TASK DESCRIPTION: Starting at the line containing "- Fully escorted" and ending at the line containing "Zyia Active Women’s", print every line of the material below exactly, both ends included, and stop there.

DATA FOR REVIEW:
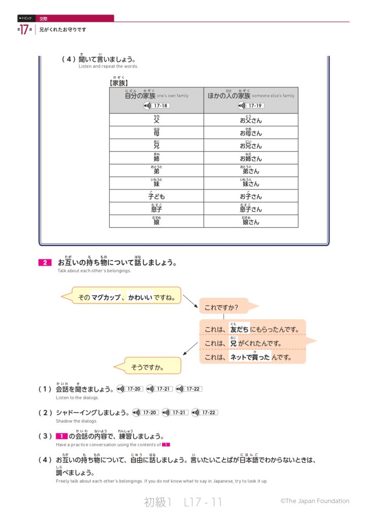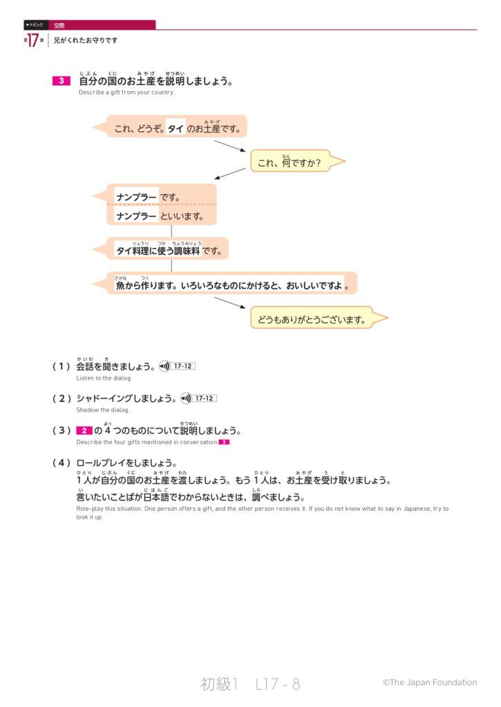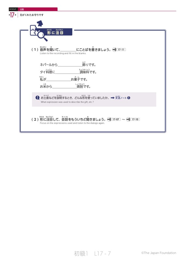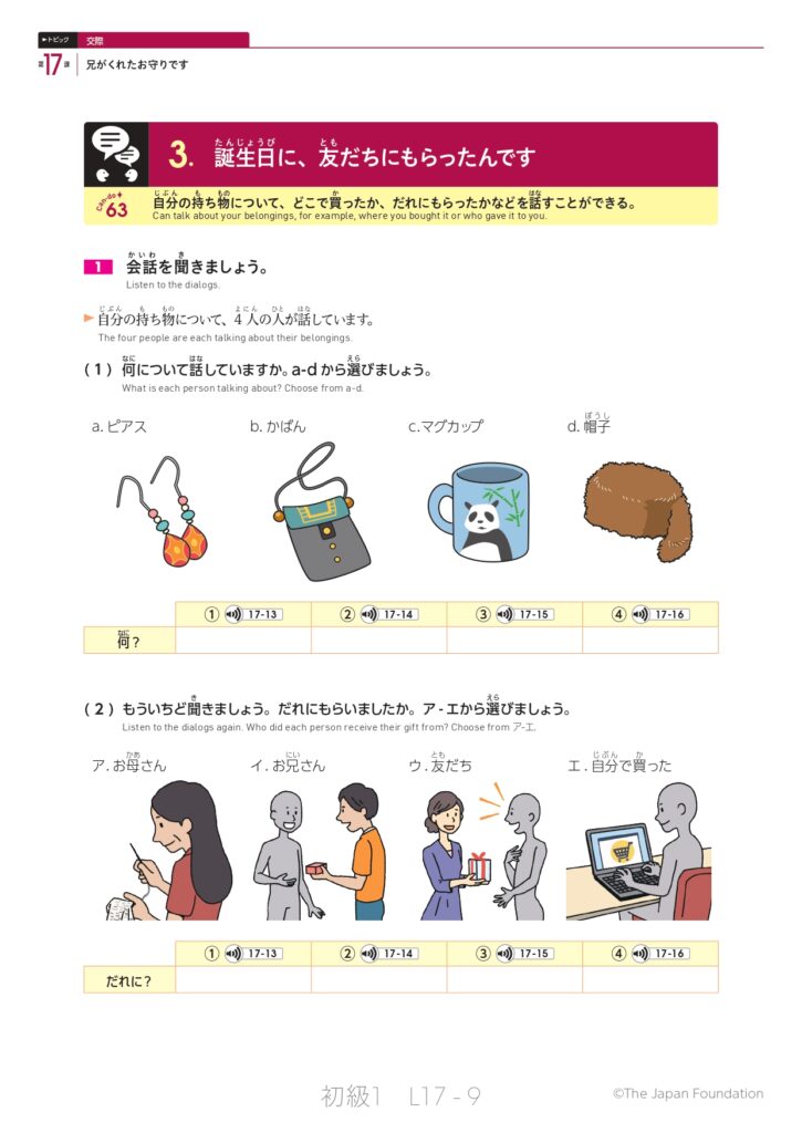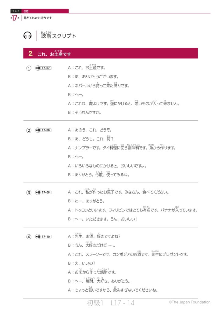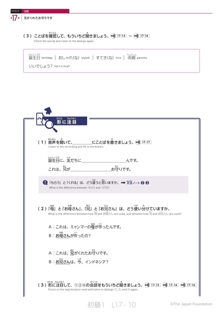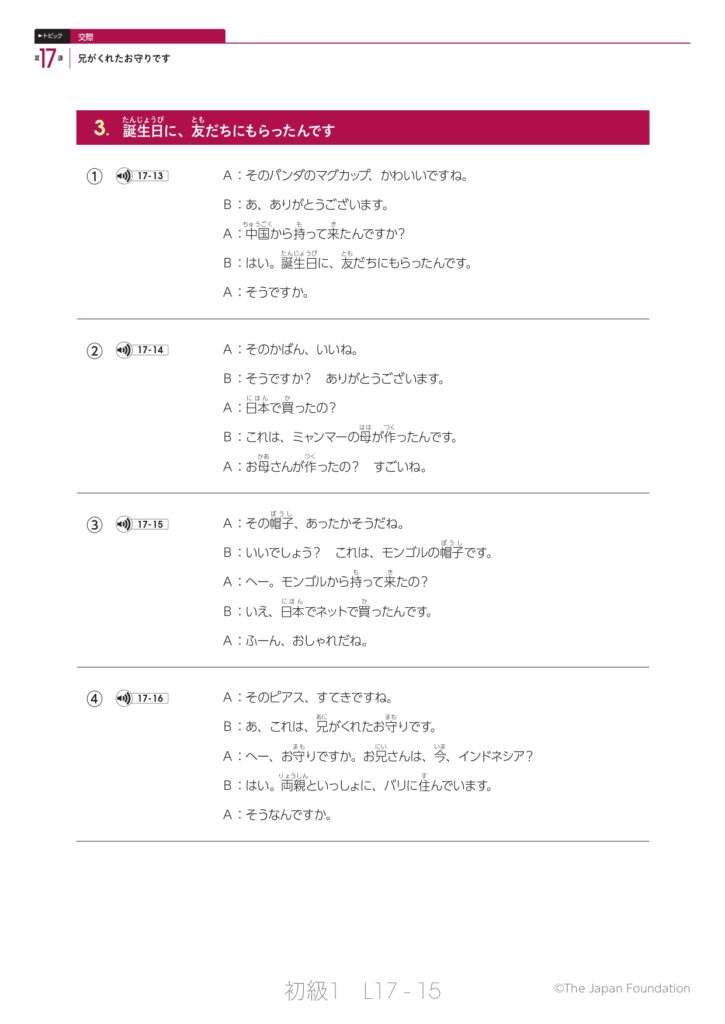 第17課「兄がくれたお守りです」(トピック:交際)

* * *

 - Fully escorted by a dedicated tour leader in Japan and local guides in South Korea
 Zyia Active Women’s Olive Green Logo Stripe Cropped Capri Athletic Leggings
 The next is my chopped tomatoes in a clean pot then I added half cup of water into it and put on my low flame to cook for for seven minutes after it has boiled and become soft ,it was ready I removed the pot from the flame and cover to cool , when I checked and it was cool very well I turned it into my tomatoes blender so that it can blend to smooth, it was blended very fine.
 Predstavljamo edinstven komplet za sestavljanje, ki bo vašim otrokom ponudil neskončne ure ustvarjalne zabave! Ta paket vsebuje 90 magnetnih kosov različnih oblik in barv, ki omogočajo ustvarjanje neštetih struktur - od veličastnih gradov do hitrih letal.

EXERCISE RESPONSE:
 - Fully escorted by a dedicated tour leader in Japan and local guides in South Korea
 Zyia Active Women’s Olive Green Logo Stripe Cropped Capri Athletic Leggings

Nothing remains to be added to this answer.